In the latest years, an intense research has been performed regarding the properties of magnetite nanocubes for magnetic hyperthermia . The comparison of nanocubes (19.5 nm) and spheres with the same volume (24 nm) leads to SAR values favourable to the nanocubes. [72] However, comparing heating properties of 53 nm spheres and 43 nm cubes, it was found better heating properties for the spherical ones because the cubes were forming strong and isometric aggregates [73]. Cubes of different sizes (13–38 nm) have been studied finding the best SAR for 19 nm particles 2277 W·g−1 (700 kHz, 300 Oe) [74]. Interestingly, the configuration of possible aggregates deeply affects the SAR values. 3D aggregates of 38 nm nanocubes have a SAR of less than 300 W·g−1; however, when they were isolated, the SAR increased up to 1400 W·g−1 [75]. Nevertheless, it has been demonstrated that the formation of chain-like aggregates aligned in the magnetic field boosts the SAR value by five times compared to 3D aggregates [73]. The measurement of SAR evaluates the possible performance of the nanoparticles; however, when hyperthermia is performed in vivo, it suffers from low heating efficiency due to the high viscosity of the tumour site and particle aggregation upon intracellular internalization [76]. Thus, the confinement of magnetic nanoparticles in cavities of hundreds of nanometres would enable a certain degree of nanoparticle rotation and minimize aggregation effects, so the heating power would be better preserved intracellularly [77].

Octahedral magnetite nanoparticles have also an optimum morphology to work as nanoheaters in magnetic hyperthermia. Small octahedrons of 6 and 12 nm exhibit SAR values of 163 and 275 W·g−1 (247 kHz, 310 Oe) [78]., 40 nm octahedrons reach up to 2483 W·g−1 (358 kHz, 800 Oe) and finally 98 nm octahedrons, around the monodomain limit of magnetite, have been reported to reach 2629 W·g−1 [79].

Elongated magnetite nanoparticles display moderate heating release properties when compared to other morphologies. The drawback is the high field amplitude needed to obtain a proper heating release due to the high switching field needed to reverse the magnetic moment. Magnetite nanorods grown from the reduction of akaganeite with dimensions of 45x10 nm exhibit a SAR of 1072 W·g−1 (390 kHz, 415 Oe), whereas longer rods (400x40 nm) displayed lower SAR values.

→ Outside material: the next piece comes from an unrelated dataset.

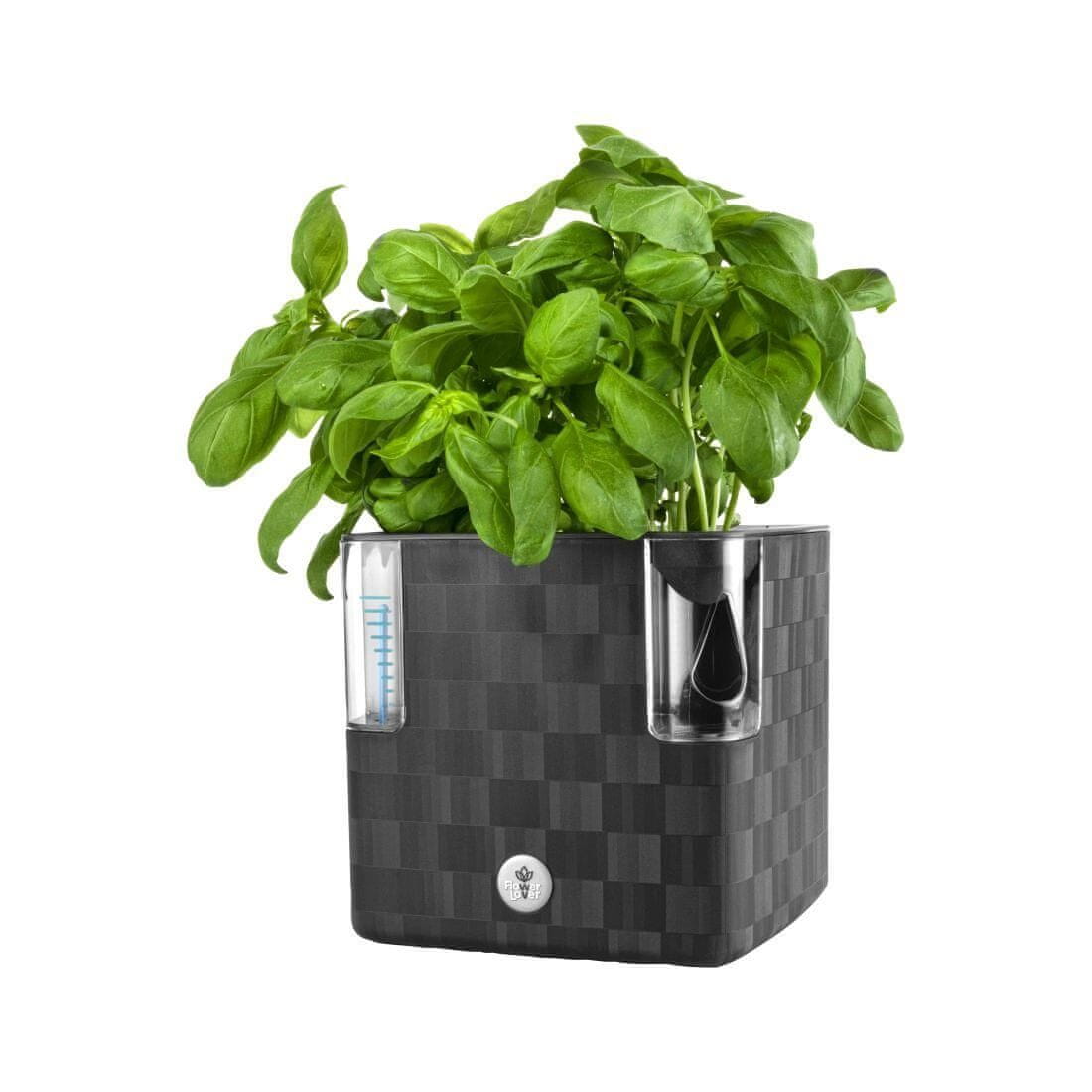 Cvetlični lonec Cobble antracit, dekorativni, 14×14cm Oblikovalski sadilnik z lastnim namakalnim sistemom Aqua. Je lahek, zagotavlja dolgo življenjsko dobo rastlin, odporen proti mehanskim poškodbam in dobro prenaša UV žarke. Primeren za gojenje zelišč in manjših rastlin. Uporablja se lahko na lo Celoten opis

High crystalline rods made by solvothermal approach exhibit SAR values of 1300 W·g−1 (310 kHz, 800 Oe). In contrast, smaller rods of 41x7nm only reached 540 W·g−1 [43].

Magnetite nanoplates of certain dimensions have the advantage of the formation of magnetic vortex configurations where spins are arranged circularly and oriented parallel to the field [80]. As a consequence, these particles display negligible coercivity and remanent magnetization which results in extraordinary SAR values, up to 4400 W·g−1 for nanoplates of 225 nm in diameter and 26 nm in thickness [81]. However, for nanodiscs without vortex configuration (150–200x10–15 nm), only values of 245 W·g−1 (180 kHz, 12 Oe) have been described [44].

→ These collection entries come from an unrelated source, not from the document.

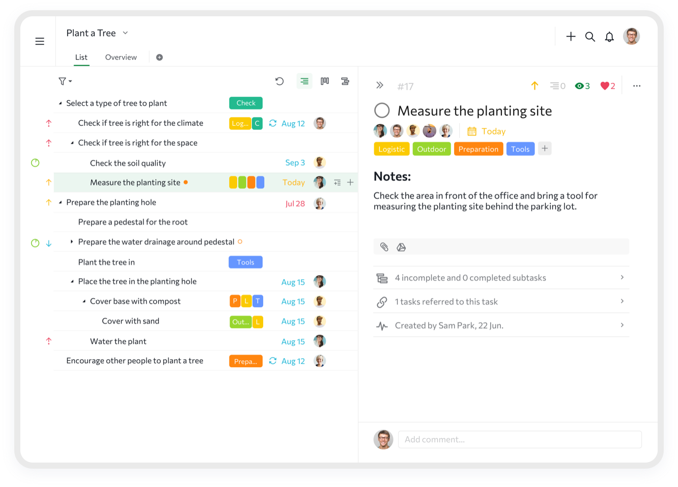 한눈에 들어오는 하위 목록 뷰를 활용해 효과적으로 작업하세요. 모든 팀원이 한눈에 집중할 수 있는 목록 뷰를 통해 자신의 업무를 확실히 관리할 수 있습니다.
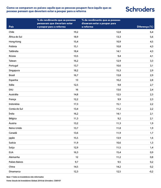 O fosso entre aquilo que as pessoas estão a poupar e o que pensam que deveriam estar a poupar foi maior nas economias em desenvolvimento. Por exemplo, as pessoas no Chile estão atualmente a poupar 12,8% do seu salário atual, mas acham que deveriam estar a poupar 19,2%, uma diferença de 6,4%.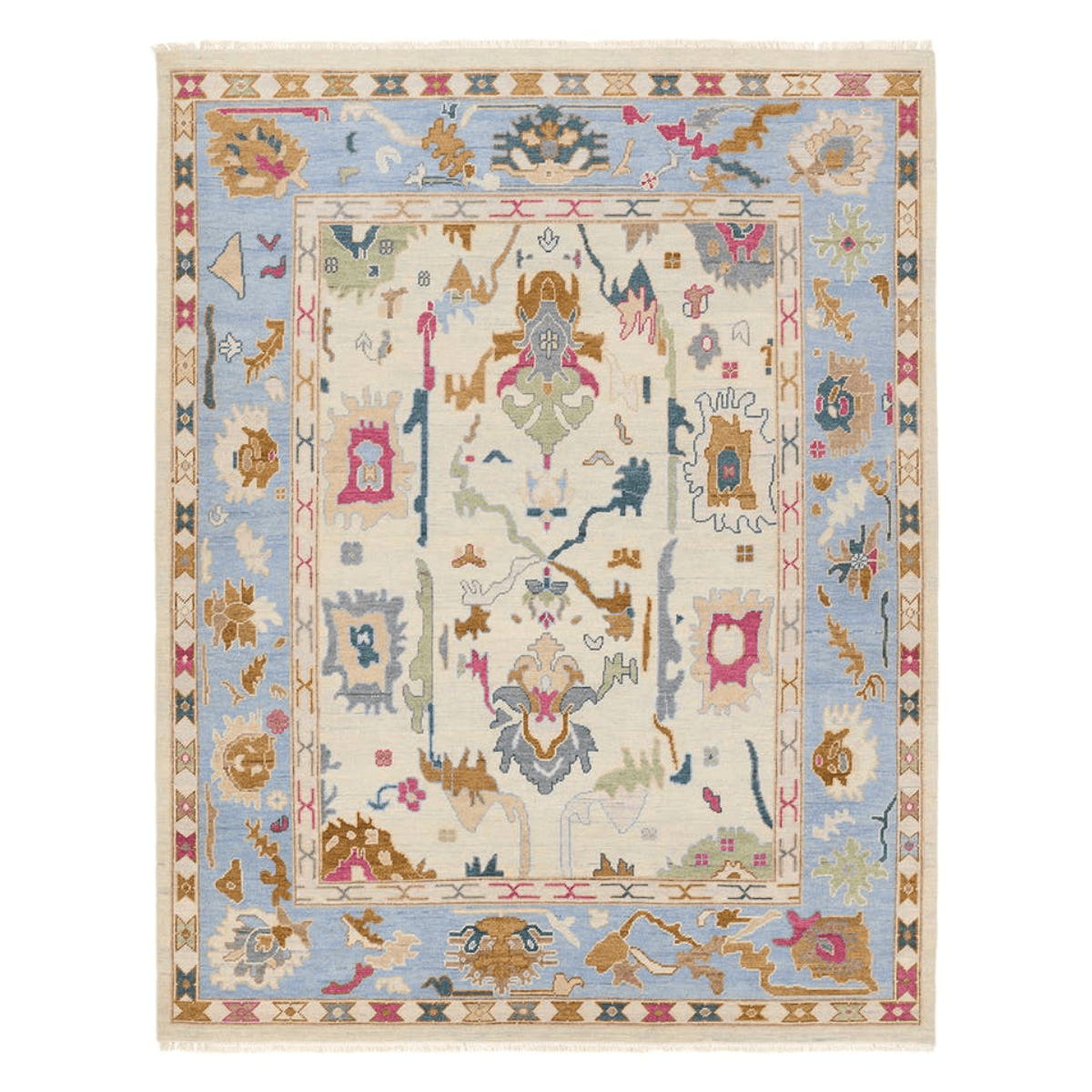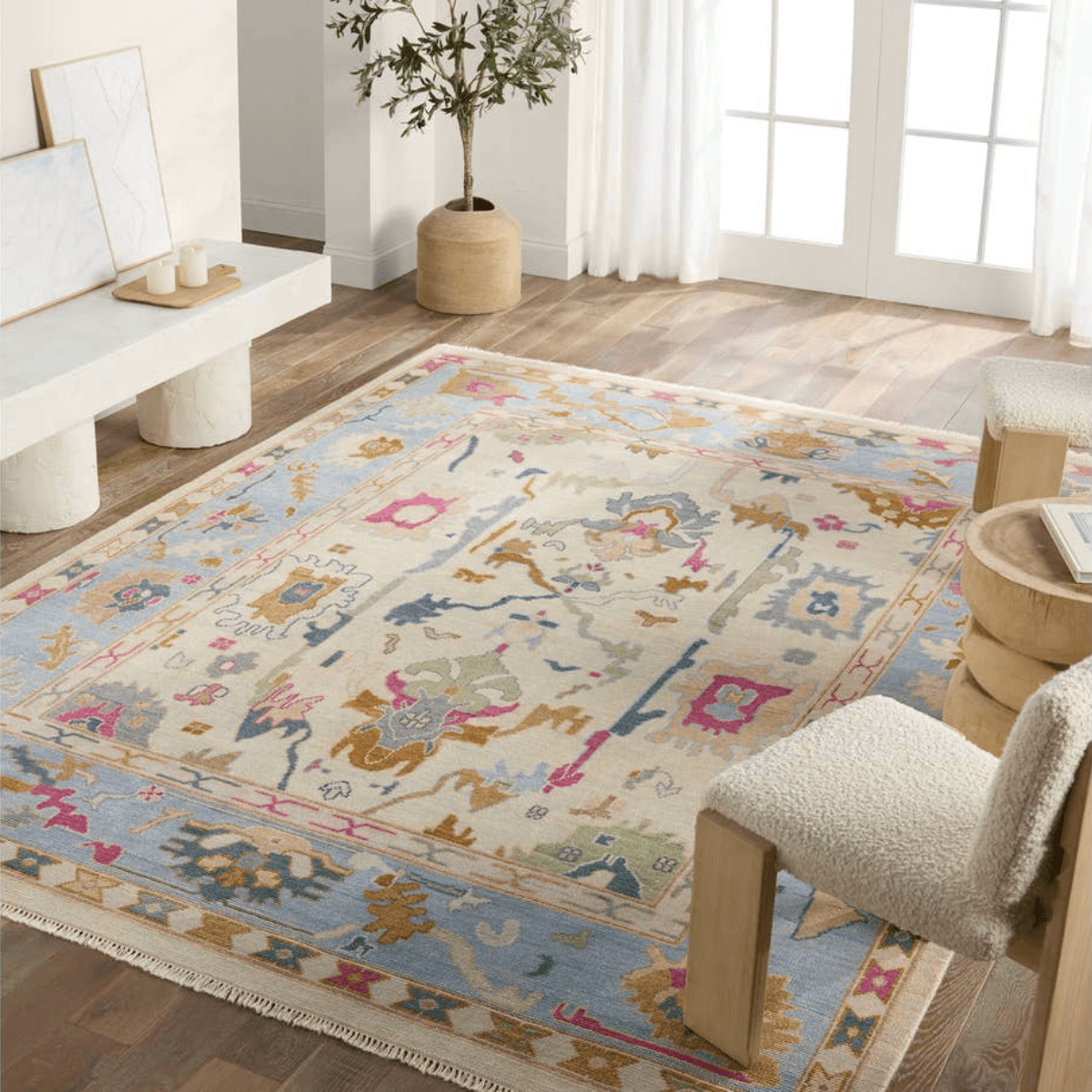 The updated traditional Everly collection features Oushak-inspired designs in tones soft pastel. The Luni design features a fun colorway of blue, gold, magenta, tan, green, and cream. This hand-knotted wool rug anchors living spaces with a fresh take on vintage style. The low, easy-care pile delights in both high and low traffic areas of the home.

Superparamagnetic γ-Fe2O3 nanoflowers of 50 nm containing spherical 11 nm particles grown by the polyol method can reach a SAR value of 1790 W·g−1, much larger than SAR of single 11 nm (48 W·g−1) [49]. Controlled aggregation seems to boost the increase of SAR; however, a compromise between colloidal stability and heating performance should be achieved. In addition to that, nanoparticle cell affinity needs to be maximized through conjugation with biological targeting molecules to increase nanoparticle concentration inside the cells [82].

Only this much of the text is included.